The data.
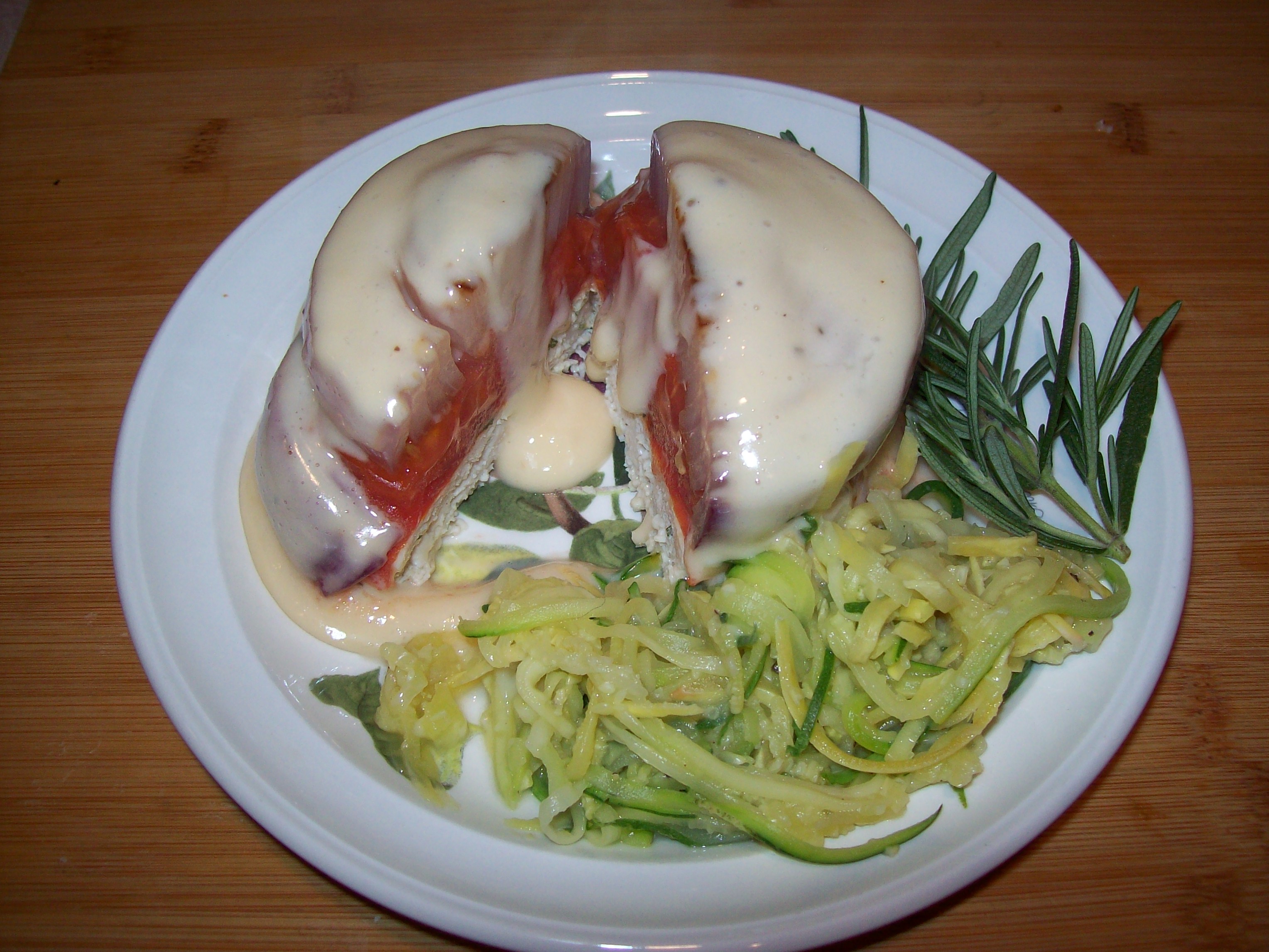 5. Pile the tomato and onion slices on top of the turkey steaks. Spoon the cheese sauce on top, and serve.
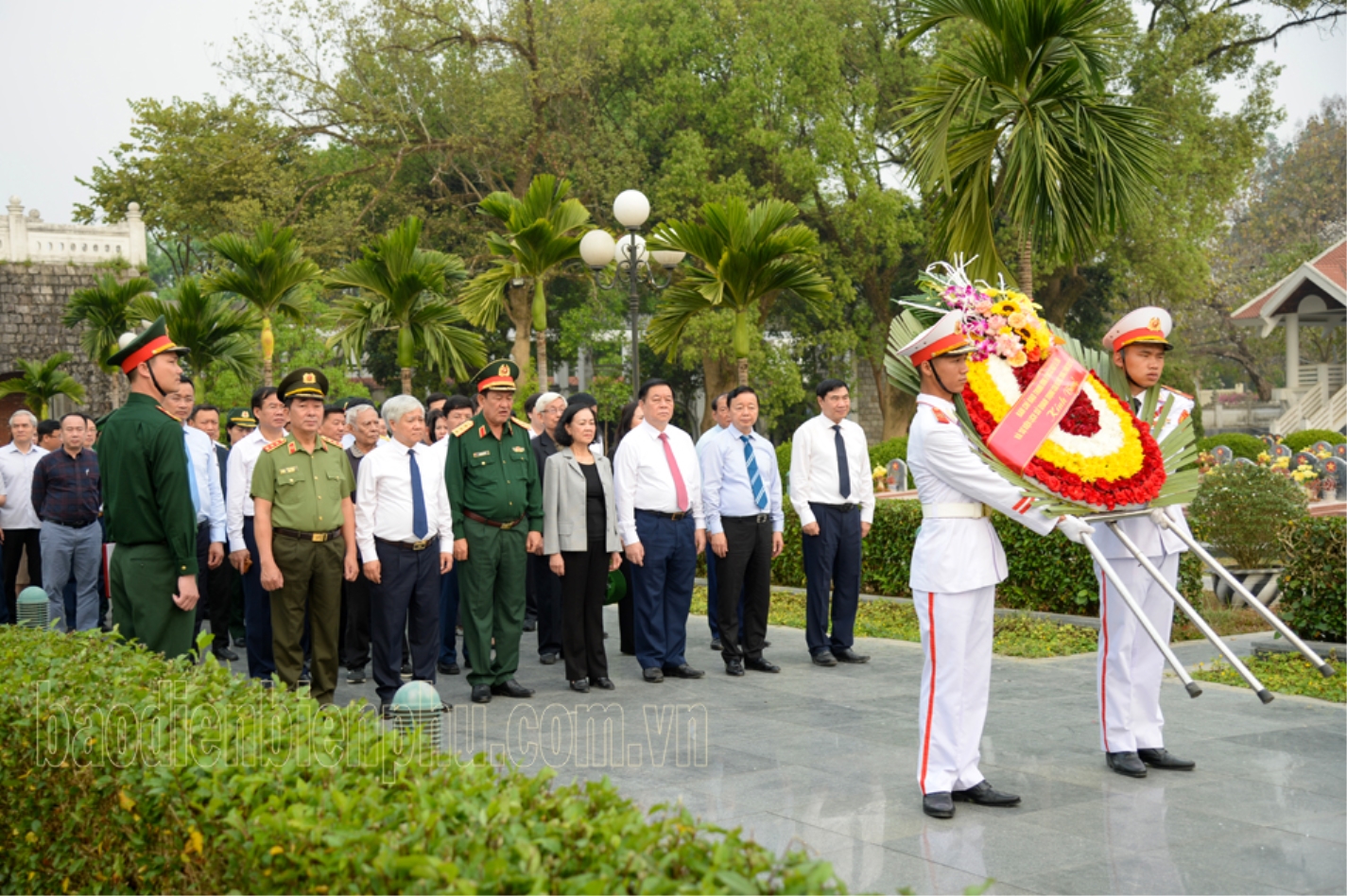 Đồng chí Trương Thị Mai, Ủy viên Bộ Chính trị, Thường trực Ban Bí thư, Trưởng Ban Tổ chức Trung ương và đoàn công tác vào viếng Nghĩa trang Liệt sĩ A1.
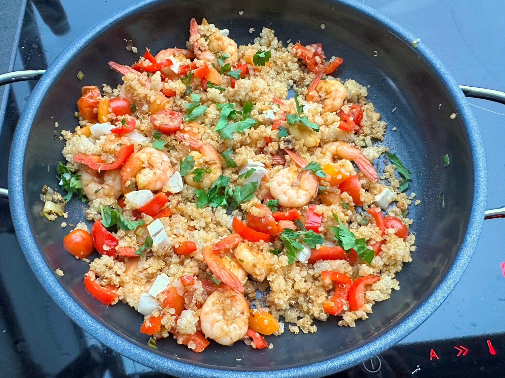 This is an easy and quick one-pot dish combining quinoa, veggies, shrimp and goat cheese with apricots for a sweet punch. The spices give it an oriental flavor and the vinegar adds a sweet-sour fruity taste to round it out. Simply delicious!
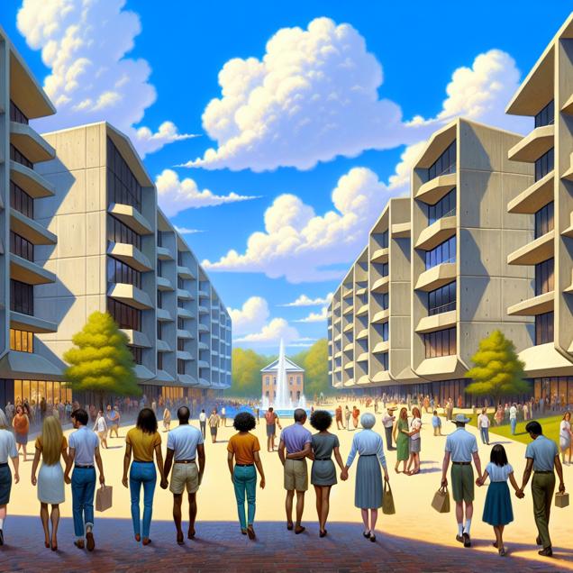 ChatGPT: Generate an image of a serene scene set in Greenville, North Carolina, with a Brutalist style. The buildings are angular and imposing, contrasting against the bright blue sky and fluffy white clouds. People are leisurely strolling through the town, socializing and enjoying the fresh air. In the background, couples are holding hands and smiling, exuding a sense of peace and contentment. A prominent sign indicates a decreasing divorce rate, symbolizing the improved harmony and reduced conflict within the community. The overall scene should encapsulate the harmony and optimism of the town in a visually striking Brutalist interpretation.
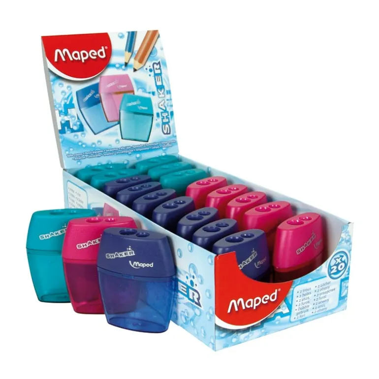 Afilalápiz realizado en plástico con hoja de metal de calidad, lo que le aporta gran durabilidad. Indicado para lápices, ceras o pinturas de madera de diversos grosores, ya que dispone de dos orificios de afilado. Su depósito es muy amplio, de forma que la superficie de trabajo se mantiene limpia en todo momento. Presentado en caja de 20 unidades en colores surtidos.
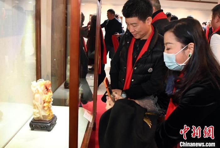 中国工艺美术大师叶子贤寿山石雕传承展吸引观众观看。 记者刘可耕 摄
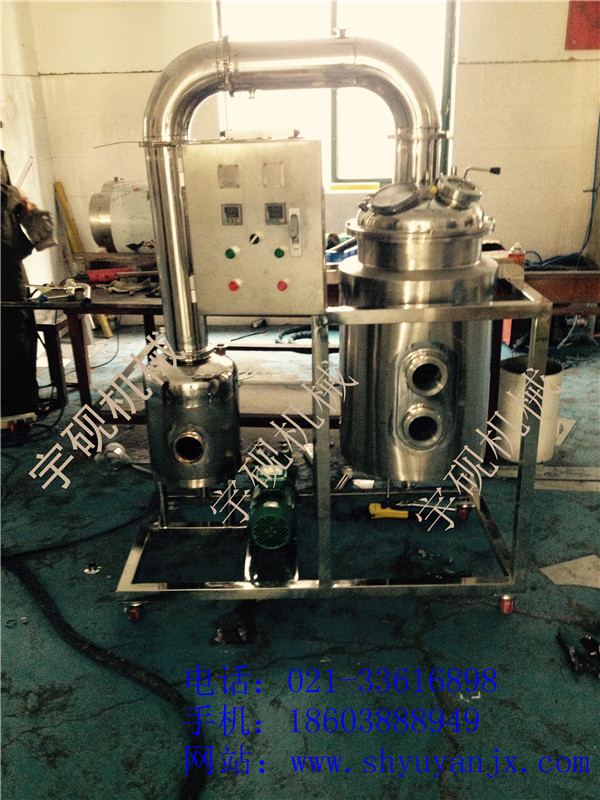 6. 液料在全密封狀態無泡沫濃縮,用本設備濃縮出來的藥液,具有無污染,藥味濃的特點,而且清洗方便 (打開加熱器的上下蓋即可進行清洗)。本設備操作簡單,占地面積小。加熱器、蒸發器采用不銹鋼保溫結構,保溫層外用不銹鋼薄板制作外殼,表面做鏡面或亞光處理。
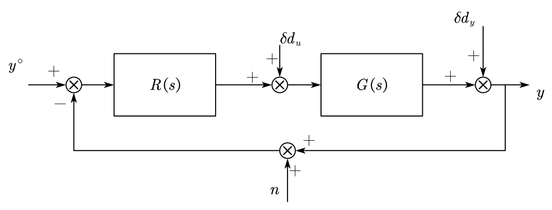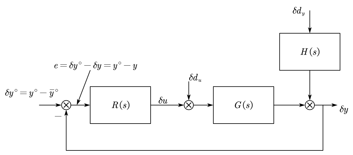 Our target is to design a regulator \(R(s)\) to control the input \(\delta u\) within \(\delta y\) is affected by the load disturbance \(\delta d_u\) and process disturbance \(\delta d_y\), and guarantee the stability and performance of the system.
...
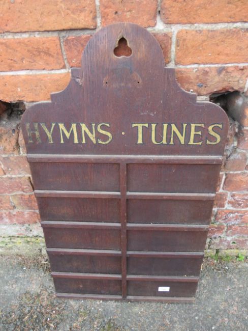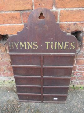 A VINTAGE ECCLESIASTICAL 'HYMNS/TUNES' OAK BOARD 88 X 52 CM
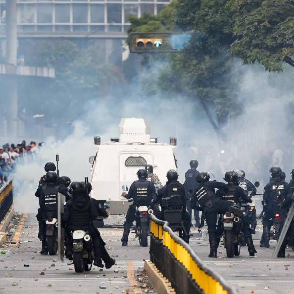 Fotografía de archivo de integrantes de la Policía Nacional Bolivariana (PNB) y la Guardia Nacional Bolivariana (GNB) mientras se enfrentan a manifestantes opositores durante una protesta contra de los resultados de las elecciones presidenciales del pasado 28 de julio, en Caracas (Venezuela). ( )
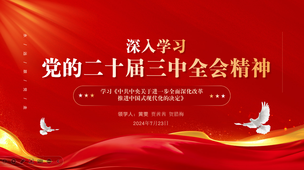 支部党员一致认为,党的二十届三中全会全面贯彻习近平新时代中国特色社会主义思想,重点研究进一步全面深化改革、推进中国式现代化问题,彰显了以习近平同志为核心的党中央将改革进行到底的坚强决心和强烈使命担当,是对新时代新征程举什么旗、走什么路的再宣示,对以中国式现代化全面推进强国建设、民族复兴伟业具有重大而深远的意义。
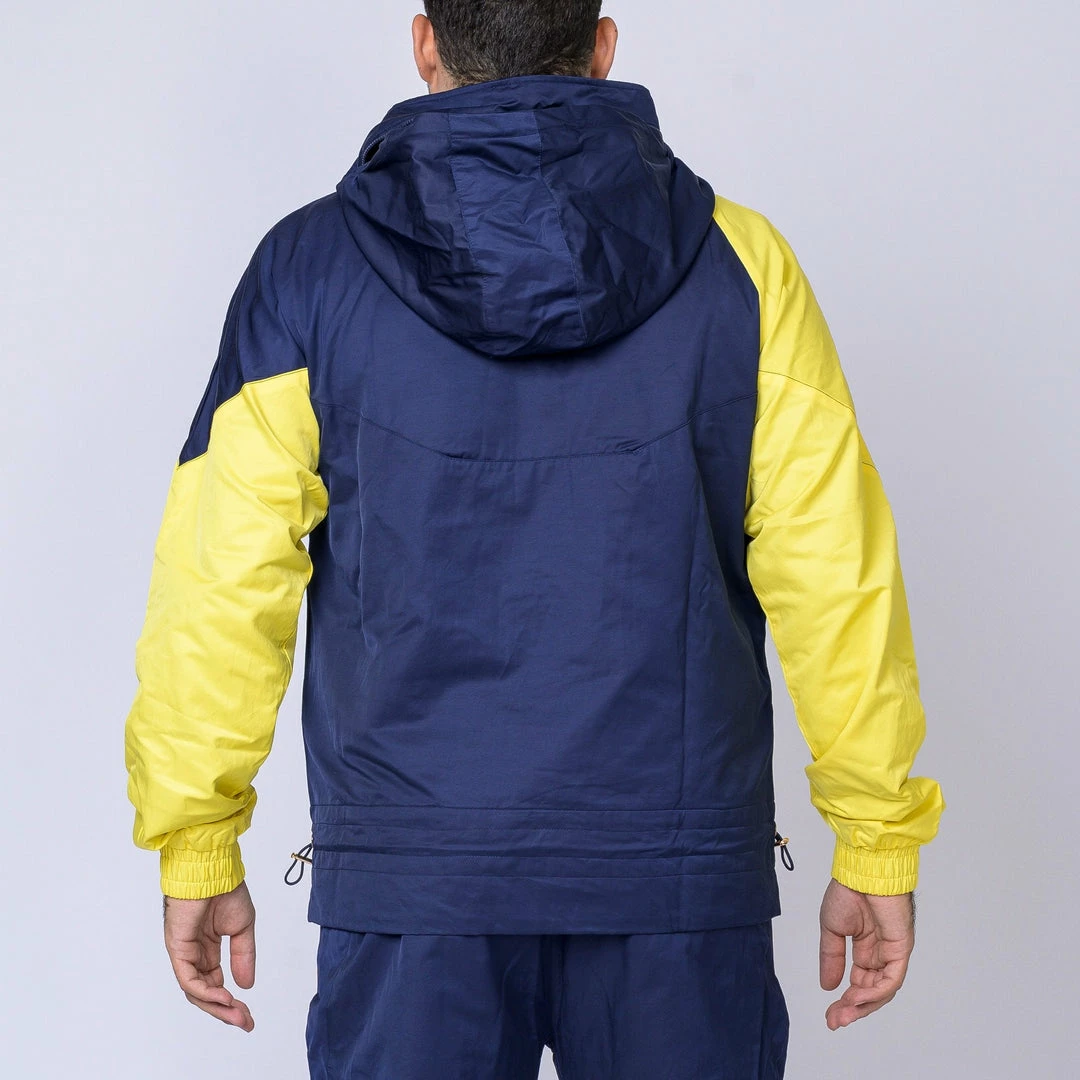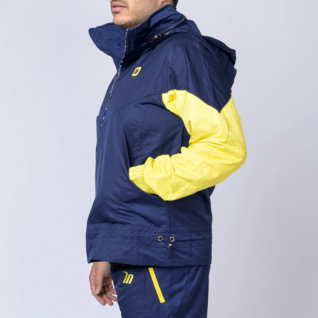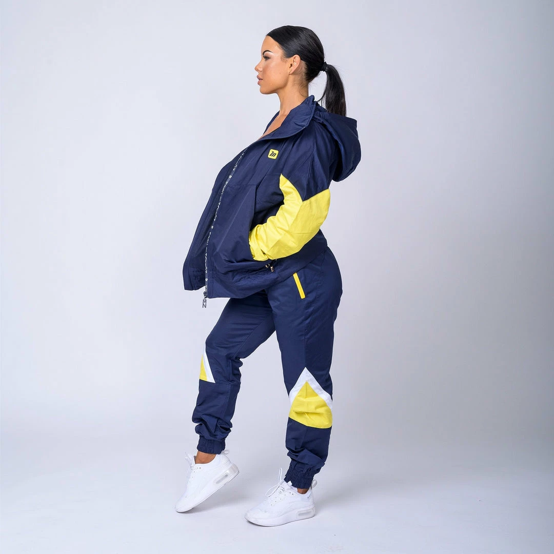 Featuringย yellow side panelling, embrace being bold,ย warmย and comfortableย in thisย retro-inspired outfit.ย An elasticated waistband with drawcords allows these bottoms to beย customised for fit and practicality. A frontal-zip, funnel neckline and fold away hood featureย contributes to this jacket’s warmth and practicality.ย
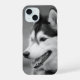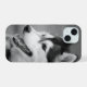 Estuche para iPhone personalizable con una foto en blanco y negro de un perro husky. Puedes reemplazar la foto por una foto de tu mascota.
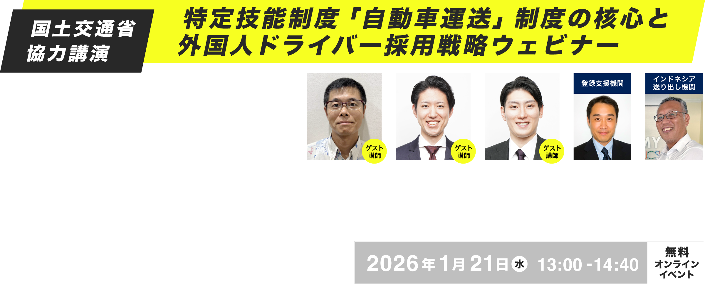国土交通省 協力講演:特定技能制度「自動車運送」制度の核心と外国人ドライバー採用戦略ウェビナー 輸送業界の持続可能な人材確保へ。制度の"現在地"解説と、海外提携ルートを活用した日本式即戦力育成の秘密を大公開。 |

Task goal. Above are records; write out the lines from the one with "5. Pile the" down to the one with "This is an easy", exactly, leaving the pictures out.

Response.
 5. Pile the tomato and onion slices on top of the turkey steaks. Spoon the cheese sauce on top, and serve.
 Đồng chí Trương Thị Mai, Ủy viên Bộ Chính trị, Thường trực Ban Bí thư, Trưởng Ban Tổ chức Trung ương và đoàn công tác vào viếng Nghĩa trang Liệt sĩ A1.
 This is an easy and quick one-pot dish combining quinoa, veggies, shrimp and goat cheese with apricots for a sweet punch. The spices give it an oriental flavor and the vinegar adds a sweet-sour fruity taste to round it out. Simply delicious!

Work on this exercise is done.